夜のヴィラ・ロマーナのピザが、今回いちばん

島から戻って、夜はエスプラネード(Cairns Esplanade)沿いのヴィラ・ロマーナ(Villa Romana Trattoria)へ。イタリア料理の店で、ここのピザが今回の旅でいちばんおいしかったです。生地が薄くて縁だけしっかり膨らんでいて、これまで食べた中でも上位に入ります。一日中雨に降られた日の夜に当たりを引くと、その日の印象ごと変わります。

心残りは、夢中で食べてしまって写真が1枚も残っていないことです。この旅で1軒だけすすめるならどこか、と聞かれたら、迷わずここを挙げます。ケアンズに行くなら、ぜひ一度寄ってみてください。

5日目|コアラを抱っこして、最後はソルトハウス

5日目は、コアラズ&クリーチャーズ(Cairns Koalas & Creatures)へ行きました。マリーナのピア・ショッピングセンター(The Pier Shopping Centre)の中にある施設で、コアラを抱いて写真を撮らせてもらえます。

オーストラリアでは、コアラを抱かせてよい州とそうでない州が分かれていて、ケアンズのあるクイーンズランド州は抱っこができる側です。国内どこでもできるわけではないので、この地域にいるうちに済ませておくのが確実でした。郊外の大きな動物園まで出なくても市内で完結するのが、この施設のいちばんの利点です(身長・年齢の条件があるので、小さい子どもは抱っこ役になれないことがあります)。

Veiled lady mushroom growing in leaf litter beside a rainforest walkway near Cairns
散歩の途中の木陰で。
レースのような網をまとったキノコが落ち葉から立っていました。
Australian pelicans resting on rocks along the Cairns Esplanade at dusk
店へ向かう途中のエスプラネードで。
ペリカンが夕方の岩場に集まっていました。

この日は最後の夜ということで、予定になかったソルトハウス(Salt House)に入りました。マリーナの先端に建つ店で、値段はそれなりに張りましたが、大満足でした。旅の締めをここにしたのは正解だったと思います。

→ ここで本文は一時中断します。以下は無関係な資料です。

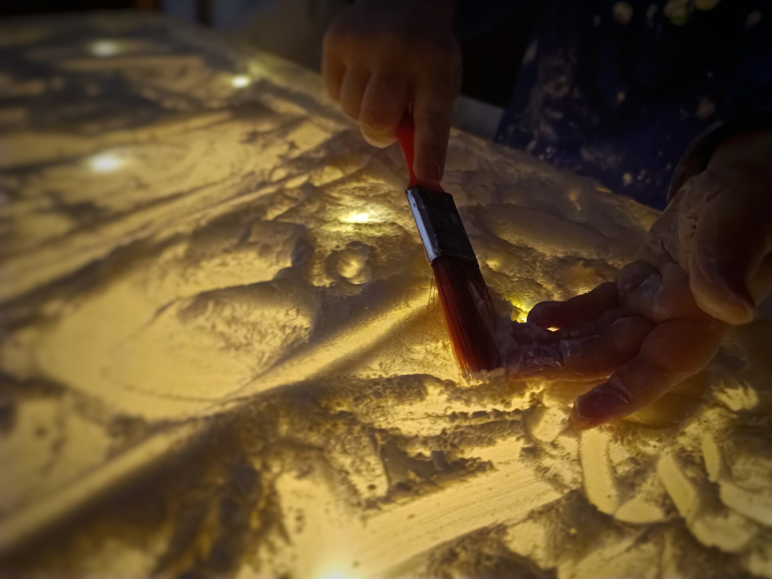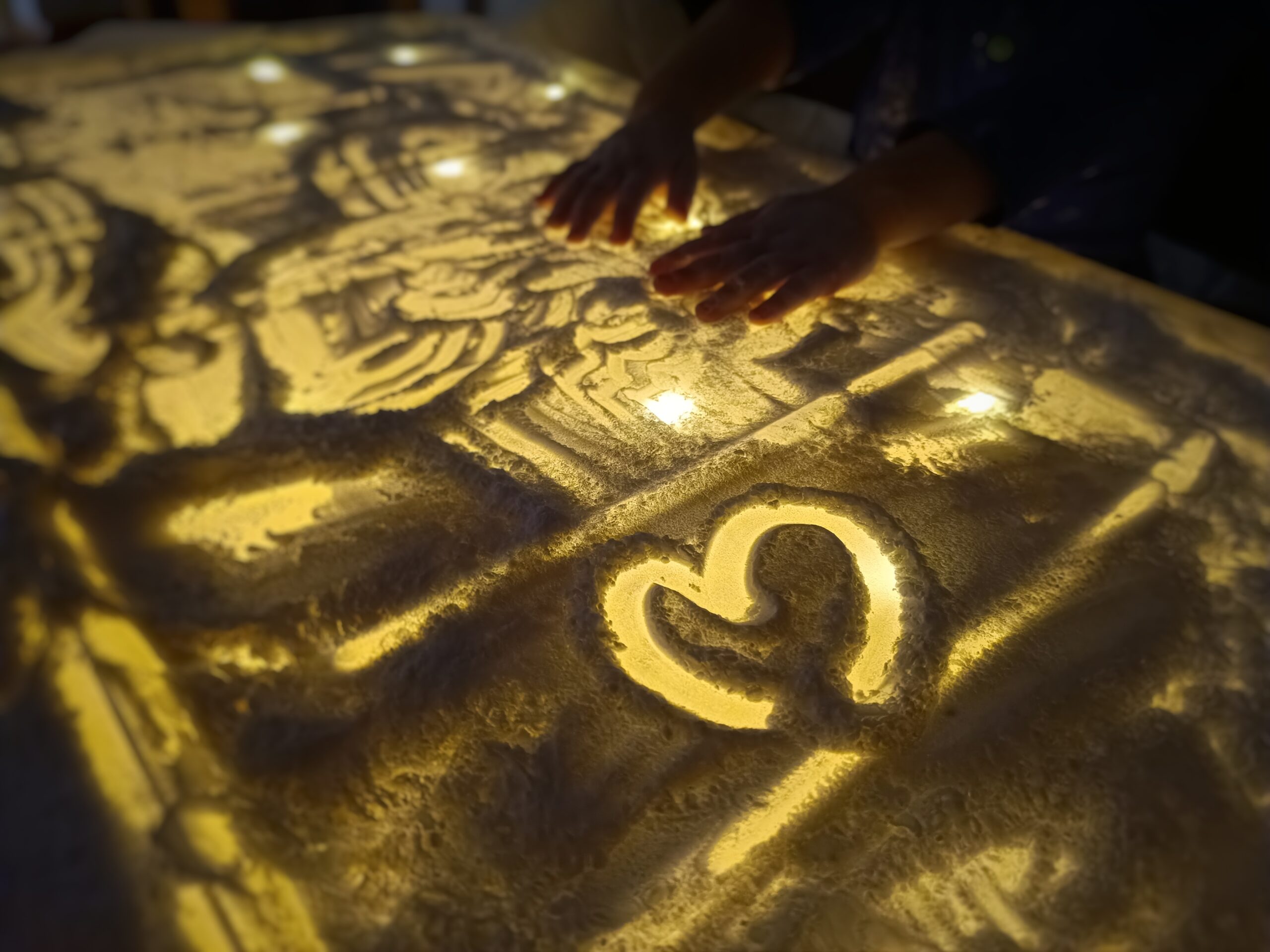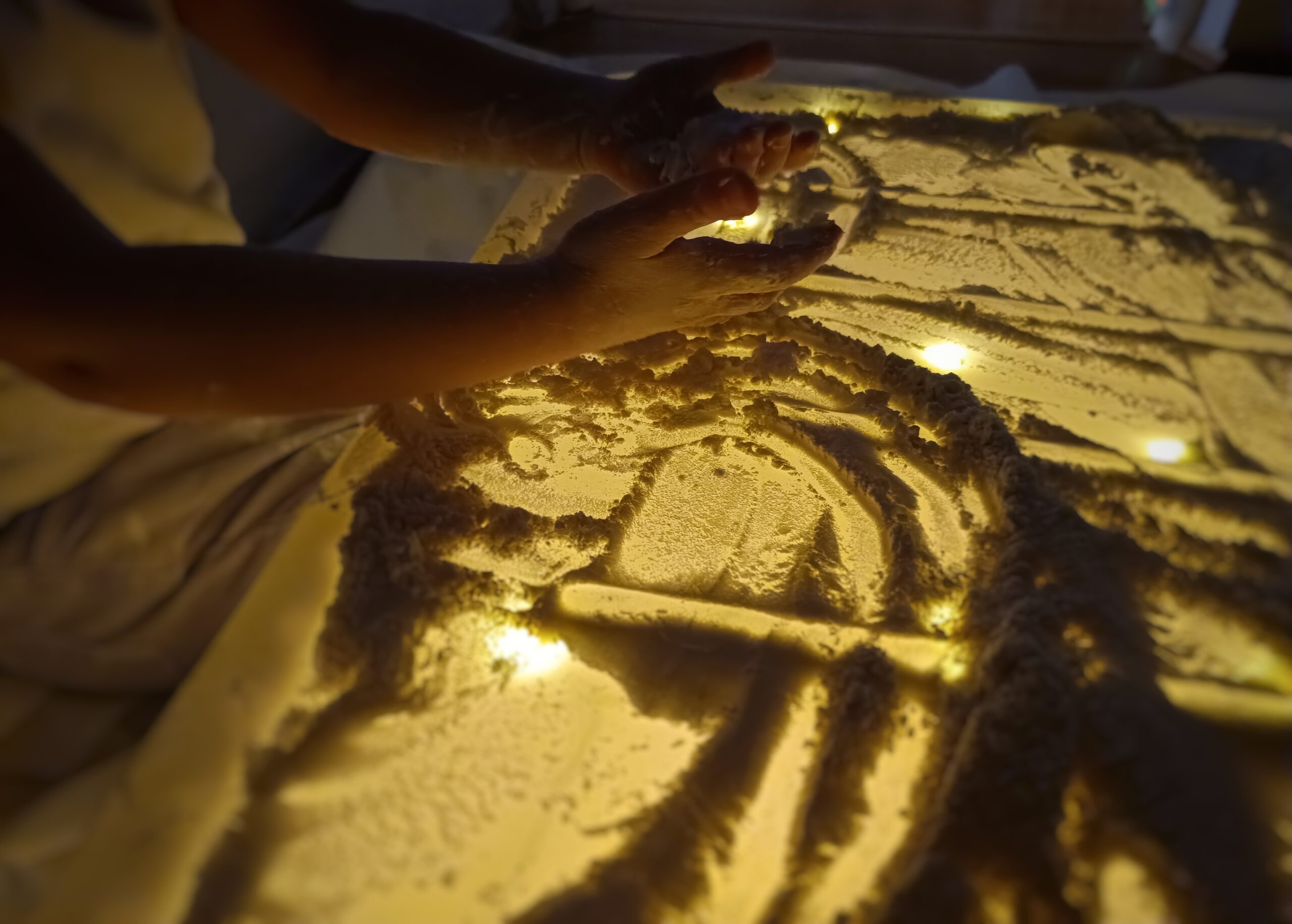 Jedną z ulubionych aktywności dzieci były zajęcia inspirowane rysowaniem w piasku. Zamiast piasku wykorzystaliśmy mąkę rozsypaną na podświetlonej powierzchni. Zabawa ze światłem i mąką rozwijała wyobraźnię, zachęcała do eksperymentowania oraz wspierała rozwój motoryki małej.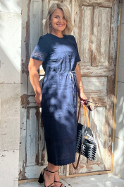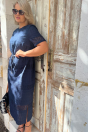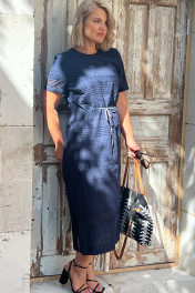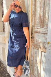 Платье женское из 100% хлопка подарит легкость и комфорт в жаркие летние дни. Ткань шитье в сочетании с прямым силуэтом идеально для торжеств и повседневной носки. Платье на подкладке, по талии кулиса с декоративным шнурком. По полочке круглый вырез горловины, по спинке V-образный вырез для удобства декорирован перемычкой. Низ платья фигурный. Рукав втачной, короткий.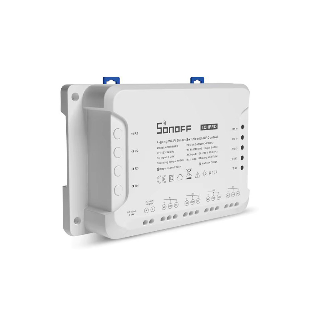 Se alimenteaza atat cu tensiune AC (100–240V) cat si DC (9–23V), suportand pana la 10A / 2200W pe fiecare canal si un total de 40A / 8800W. Conectivitatea Wi-Fi 2.4GHz permite control prin aplicatia eWeLink (Android/iOS).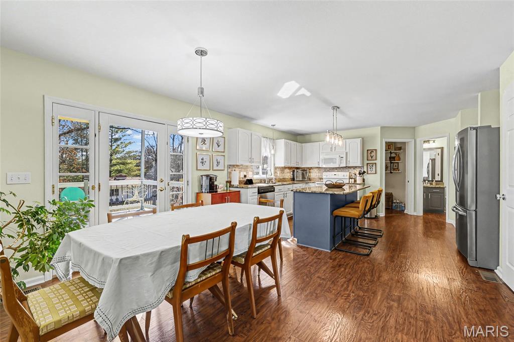 Welcome to this beautiful 2-story home in the sought-after Bailey Station subdivision, located within the award-winning Festus School District. With 5 bedrooms and 2.5 bathrooms, this home offers the perfect combination of space, comfort, and flexibility for a growing household. Step inside and you’re greeted by warm wood floors that flow throughout the main level, setting the tone for the home’s inviting feel. The open living room is filled with natural light thanks to the abundance of windows, creating a bright and comfortable space to unwind. A separate sitting room provides even more versatility—ideal for a home office, reading spot, or playroom. The formal dining room is ready for holiday dinners and special gatherings. At the heart of the home, the expansive eat-in kitchen features ample cabinet and counter space, a center island for meal prep, and plenty of room for a breakfast table. A sliding door leads out to the deck, making it easy to enjoy outdoor dining or entertain guests. You’ll also appreciate the convenience of a main-floor laundry room. Upstairs, all five bedrooms are thoughtfully placed on the same level. The spacious primary suite is a true retreat, featuring crown molding, a large walk-in closet, and a private en-suite with dual sinks, a soaking tub, and a separate shower. The additional bedrooms are generously sized with great closet space—perfect for family, guests, or extra hobby rooms. Zoned heating and cooling on both levels help keep the home comfortable and efficient year-round. Outside, the backyard feels like a private park with plenty of room to play, entertain, garden, or simply enjoy a quiet moment outdoors. This exceptional home offers space, style, and an unbeatable location—just minutes from schools, shopping, dining, and major highways. It’s a fantastic opportunity you won’t want to miss!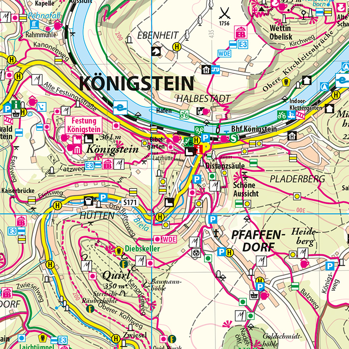 Beinhaltet alle markierten Wanderwege u.a. den Malerweg sowie den Forststeig als auch Radwege wie den Elberadweg mit deren Kennzeichnung.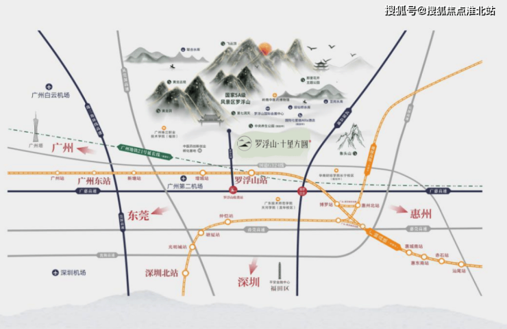 罗浮山·十里方圆,近邻着罗浮山站,与站点直线距离仅约500米。如此,无论是自驾或是搭乘交轨,都能迅速抵达广深。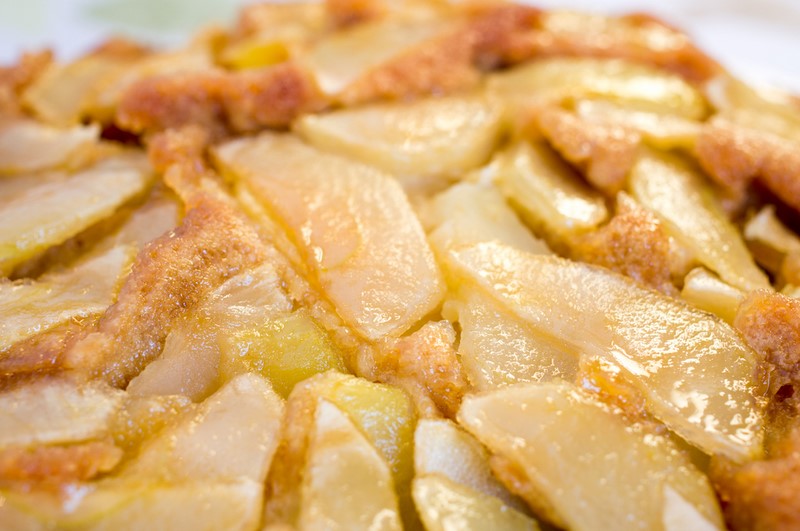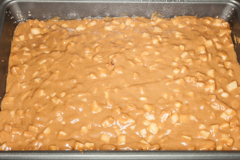 Blachę do pieczenia wyłóż papierem oraz wysmaruj masłem. Następnym krokiem jest ułożenie jabłek na przygotowaną blaszkę. Następnie wlej na nie przygotowane ciasto.

Tiered seafood platter with prawns, oysters, calamari and scallops at Salt House, Cairns
シーフードプラッター。プラウンスターの豪快さとは別物で、
一皿ずつ手が入っています。

6日目|帰国

最終日はホテルで朝食をとって、そのまま空港へ。ケアンズの空港は町から近く、朝の便でも慌てずに済みました。

行ってみて分かったこと

  • キュランダは「鉄道で上がってスカイレールで降りる」。同じ谷を下からと上から見られるので、往復を同じ手段にするのはもったいないです。
  • 鉄道のゴールドクラスは早めに予約する。席数が少なく、直前では埋まりやすいです。
  • ラスティーズ・マーケットは週末だけ。果物が安く、シェイクもおいしいので、日程が合うなら午前中に入れておきます。合わなければ、水族館やナイトマーケットのほうは曜日を選びません。
  • 1日1テーマにする。山と海はどちらも半日以上かかります。同じ日に詰めると移動で終わります。
  • 人気店は夜ごはんも予約しておく。年末は混みます。プラウンスターのように席数が限られる店はとくに、予約しておいたほうが確実です。

※本記事は2026年9月時点の情報に基づいています。営業日・運行時間・予約方法は変わることがあるため、最新情報は各公式サイト等でご確認ください。